# Aim of the task:
Below are the entries. Print only the lines starting at the one with "Läreda Mekan tillverkar" and ending at the one with "En junio, la", exactly, with no pictures.

# Entries provided:
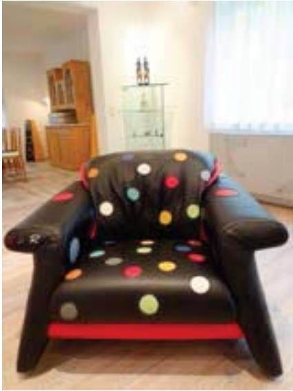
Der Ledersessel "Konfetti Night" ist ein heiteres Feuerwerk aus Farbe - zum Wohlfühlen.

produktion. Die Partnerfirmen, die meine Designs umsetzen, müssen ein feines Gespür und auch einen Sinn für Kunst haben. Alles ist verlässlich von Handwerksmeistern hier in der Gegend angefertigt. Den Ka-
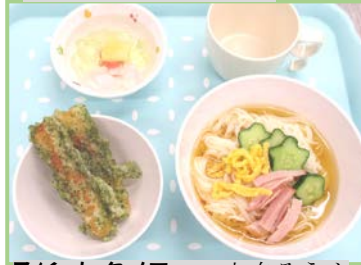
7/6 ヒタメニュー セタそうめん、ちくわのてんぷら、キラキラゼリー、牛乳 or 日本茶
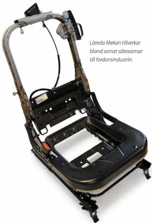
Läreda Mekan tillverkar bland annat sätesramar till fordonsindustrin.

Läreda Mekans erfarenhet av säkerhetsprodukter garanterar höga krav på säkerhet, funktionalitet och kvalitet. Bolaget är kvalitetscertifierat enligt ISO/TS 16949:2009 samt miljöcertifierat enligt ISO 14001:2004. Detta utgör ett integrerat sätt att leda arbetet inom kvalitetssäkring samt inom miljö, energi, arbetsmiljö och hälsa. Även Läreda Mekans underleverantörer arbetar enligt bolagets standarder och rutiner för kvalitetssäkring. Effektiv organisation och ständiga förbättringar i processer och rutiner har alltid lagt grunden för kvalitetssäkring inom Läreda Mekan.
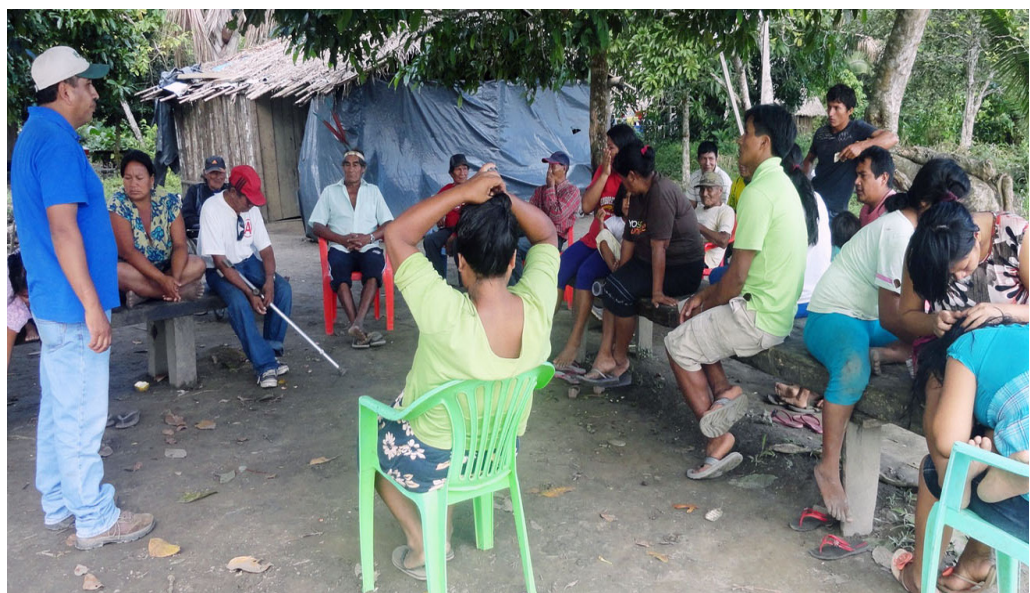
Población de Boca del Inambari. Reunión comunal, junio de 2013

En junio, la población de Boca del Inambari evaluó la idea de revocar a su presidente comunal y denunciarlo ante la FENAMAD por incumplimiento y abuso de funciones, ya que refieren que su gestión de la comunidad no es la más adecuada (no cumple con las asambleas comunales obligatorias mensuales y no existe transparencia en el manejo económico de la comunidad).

==

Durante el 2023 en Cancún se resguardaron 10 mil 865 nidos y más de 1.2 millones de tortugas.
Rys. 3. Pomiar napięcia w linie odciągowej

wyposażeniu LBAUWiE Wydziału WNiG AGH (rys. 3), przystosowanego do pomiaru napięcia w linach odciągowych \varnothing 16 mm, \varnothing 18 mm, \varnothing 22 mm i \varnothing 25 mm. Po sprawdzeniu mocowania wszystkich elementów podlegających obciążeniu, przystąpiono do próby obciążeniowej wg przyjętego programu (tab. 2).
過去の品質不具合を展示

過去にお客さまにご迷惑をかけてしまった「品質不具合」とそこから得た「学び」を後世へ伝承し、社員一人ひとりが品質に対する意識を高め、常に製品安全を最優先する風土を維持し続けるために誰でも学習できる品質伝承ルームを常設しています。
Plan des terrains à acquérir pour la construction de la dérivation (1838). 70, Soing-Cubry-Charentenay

# Worked solution:
Läreda Mekan tillverkar bland annat sätesramar till fordonsindustrin.

Läreda Mekans erfarenhet av säkerhetsprodukter garanterar höga krav på säkerhet, funktionalitet och kvalitet. Bolaget är kvalitetscertifierat enligt ISO/TS 16949:2009 samt miljöcertifierat enligt ISO 14001:2004. Detta utgör ett integrerat sätt att leda arbetet inom kvalitetssäkring samt inom miljö, energi, arbetsmiljö och hälsa. Även Läreda Mekans underleverantörer arbetar enligt bolagets standarder och rutiner för kvalitetssäkring. Effektiv organisation och ständiga förbättringar i processer och rutiner har alltid lagt grunden för kvalitetssäkring inom Läreda Mekan.
Población de Boca del Inambari. Reunión comunal, junio de 2013

En junio, la población de Boca del Inambari evaluó la idea de revocar a su presidente comunal y denunciarlo ante la FENAMAD por incumplimiento y abuso de funciones, ya que refieren que su gestión de la comunidad no es la más adecuada (no cumple con las asambleas comunales obligatorias mensuales y no existe transparencia en el manejo económico de la comunidad).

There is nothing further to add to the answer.